A backtesting framework + agent scaffolding for quantitative research

📖 Full Article • 🚀 Quick Start • 📚 Documentation • 🧪 Research Examples

What is this?

This is both a CLI-first backtesting library for cTrader AND an experiment in agent-driven research workflows.

The Core Library registers C# trading strategies, builds them with .NET SDK, runs backtests via cTrader CLI, parses results, and persists everything to DuckDB for analysis. Parameter sweeps, plugin architecture, resume/retry support—all the practical stuff you need.

The .cursor/ Framework teaches AI agents (like Cursor's Claude) to operate as domain researchers, not just code generators. Rules enforce research discipline (data validity gates, leakage checks), hooks provide runtime enforcement (workflow gates), and skills enable reusable capabilities (track management, checkpoints). Experiments get complete audit trails from hypothesis → decision.

In practice: validation gates catch a lot of “looks fine but is wrong” failures early (e.g. empty/shifted data windows that would otherwise produce phantom signals).

This isn't just about running backtests—it's about building institutional memory, enforcing research discipline, and scaling workflows across conversations and time.

Key Features

Core Backtesting Library

CLI-first Python harness for cTrader strategies (C# cBots)
Register → Build → Run workflow with deterministic artifact paths
Materialize .cbotset files from JSON parameter sets
Direct cTrader CLI invocation for backtests
Parse report.html → DuckDB schema (runs, trades, daily_metrics)
Plugin architecture for strategy-specific extensions
Parameter sweeps with parallel execution, resume, and retry

Agent Framework (`.cursor/` Setup)

Rules: Domain discipline (research gates, validation requirements, value-budget enforcement)
Hooks: Runtime enforcement (workflow gates, documentation requirements, command audit)
Skills: Reusable capabilities (track-router, checkpoint-writer, results-summarizer)
Experiments registry: Complete audit trail (plan.md → sanity.md → results.md → decision.md)
Methods registry: Self-updating playbook (METHODS.yml + USAGE_LOG.ndjson + auto-generated scorecard)
Track system: Context isolation across different research streams

What Makes This Different?

Traditional backtesting frameworks help you run code.

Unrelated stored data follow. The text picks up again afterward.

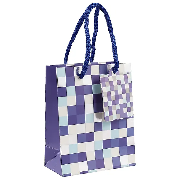 Пакет «Синие клеточки» украшает принт в виде квадратов разных оттенков синего и бежевого цвета.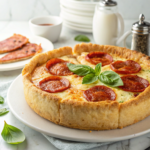 This Hearty Pizza Pie features a homemade deep-dish crust filled with a savory blend of ground beef or Italian sausage, pizza sauce, cheeses, and fresh vegetables, topped with pepperoni and extra cheese for a satisfying, crowd-pleasing meal perfect for family dinners or gatherings.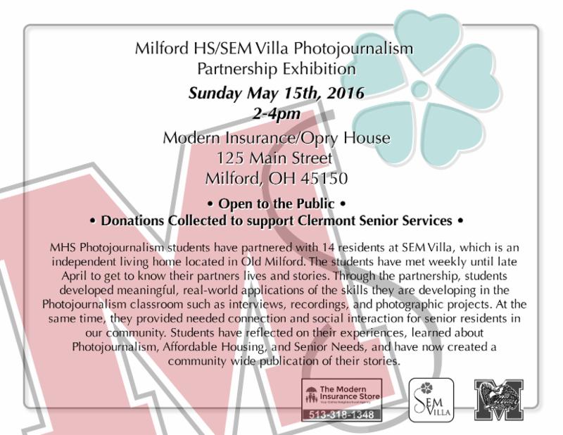 Milford High School photojournalism students, under the direction of teacher Janelle Schunk, have partnered with 14 residents at SEM Villa and have met weekly with their partners all semester.

This framework helps agents think - with hard gates (data validity, leakage checks), institutional memory (methods registry), and artifact-driven workflows.

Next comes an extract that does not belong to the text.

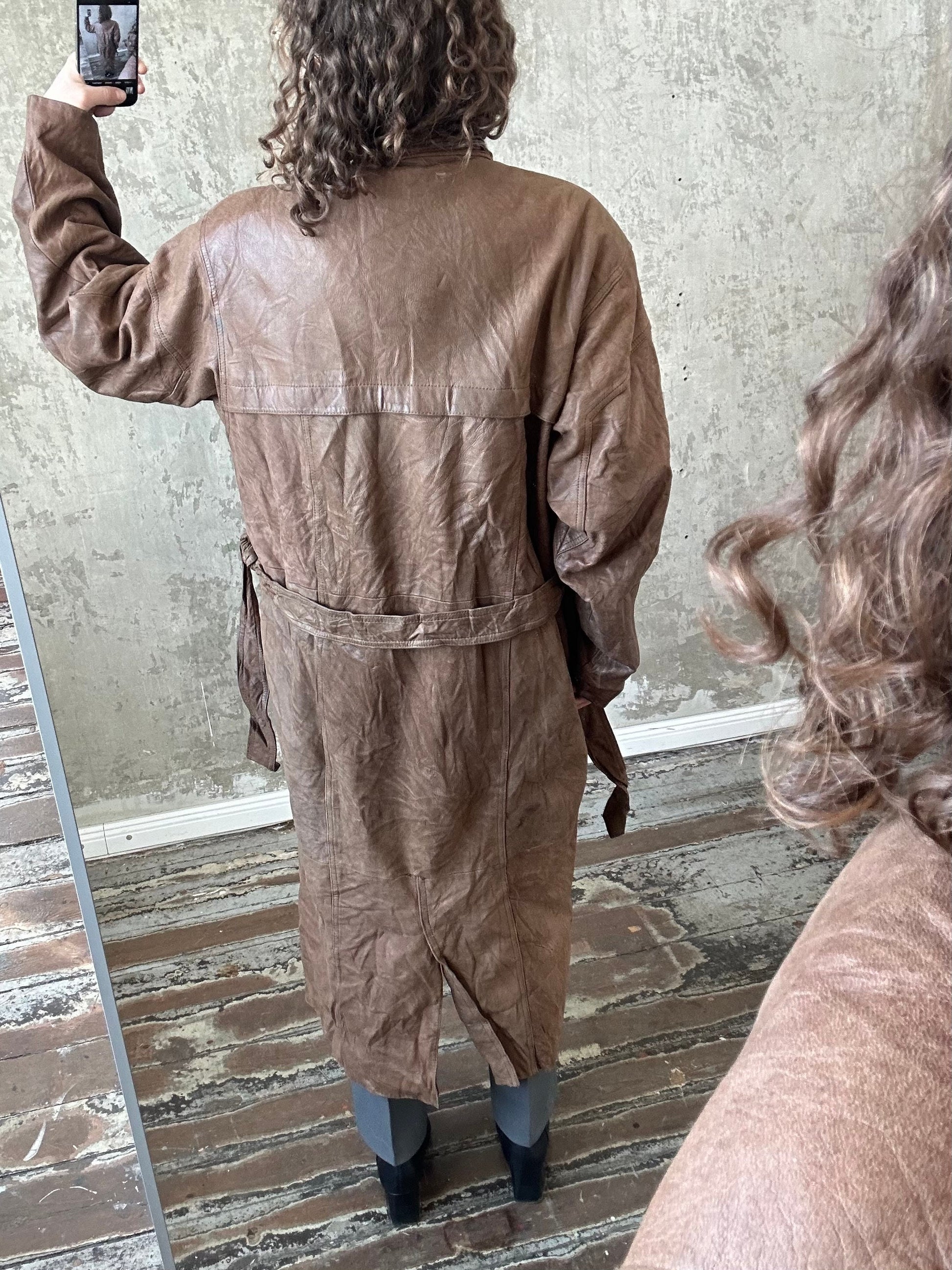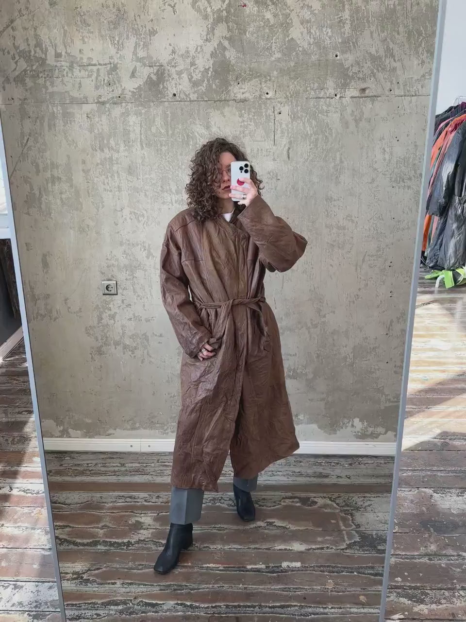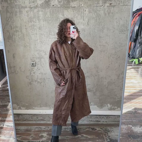 Vintage 90s IOU leather coat in brown, maxi length, gender neutral, belted, zipper closure, padded, fits S-M, genuine leather, oversized/loose fit, massive, good vintage condition

It's not just backtesting; it's a complete research loop that scales across conversations and time.

The Data Window Validity Gate alone has caught more silent failures than anything else—wrong timezones leading to empty data windows, features all zeros, models learning nonsense. Without this gate, you waste days chasing phantom signals.

See documentation/ARTICLE_v2.md for the full story of how this enables agents to run research loops autonomously.

Prerequisites

System Requirements

macOS (cTrader requirement - may work on Windows but untested)
Python 3.11+ (repo pins 3.13 in .python-version)
.NET SDK 6.0+ (for building cBots) - Download
cTrader installed (/Applications/cTrader.app on macOS) - Download

cTrader Account

cTrader account with backtesting access
Account credentials: CTID, Account ID, Auth Token
Get credentials from: cTrader → Tools → Settings → Account → Copy IDs

Optional

Cursor IDE (to use the .cursor/ agent framework) - Download
DuckDB CLI (for advanced queries) - Download

Installation

Step 1: Clone the repo

git clone <your-repo-url>
cd ctrader-orchestrator

Step 2: Install Python dependencies (recommended: `uv`)

This repo is a uv workspace (root pyproject.toml + uv.lock, with the installable package in core/).

From repo root:

uv venv env/.venv --clear
# Make uv happy from any subdirectory: uv expects a project env at `.venv/`.
ln -sfn env/.venv .venv
uv sync

Run the CLI (no activation required):

uv run python run_cli.py --help

Tip (Cursor agent usage): When running Python commands in this repo, prefer uv run ... so the agent uses the already-synced workspace environment (and avoids “missing module” errors).

Optional extras:

# tests
uv sync --extra dev

# richer terminal UI (Rich)
uv sync --extra tui

Details: docs/UV_WORKSPACE.md.

Step 2 (alternative): Install with venv + pip

python3 -m venv .venv
source .venv/bin/activate
pip install -e core

Step 3: Set up credentials

Create .env file in repo root:

CTRADER_DEFAULT_CTID=your_ctid_here
CTRADER_DEFAULT_ACCOUNT=your_account_id_here
CTRADER_DEFAULT_AUTH_TOKEN=your_auth_token_here

Security note: Never commit .env to git. It's already in .gitignore.

Notes:

The CLI loads .env automatically (see core/src/ctrader_orchestrator/core/env.py).
Credentials are profiled: scenarios default to profile=DEFAULT (see scenario-add and Scenario.profile).
Template: env/examples/env_credentials_only.example (non-secret).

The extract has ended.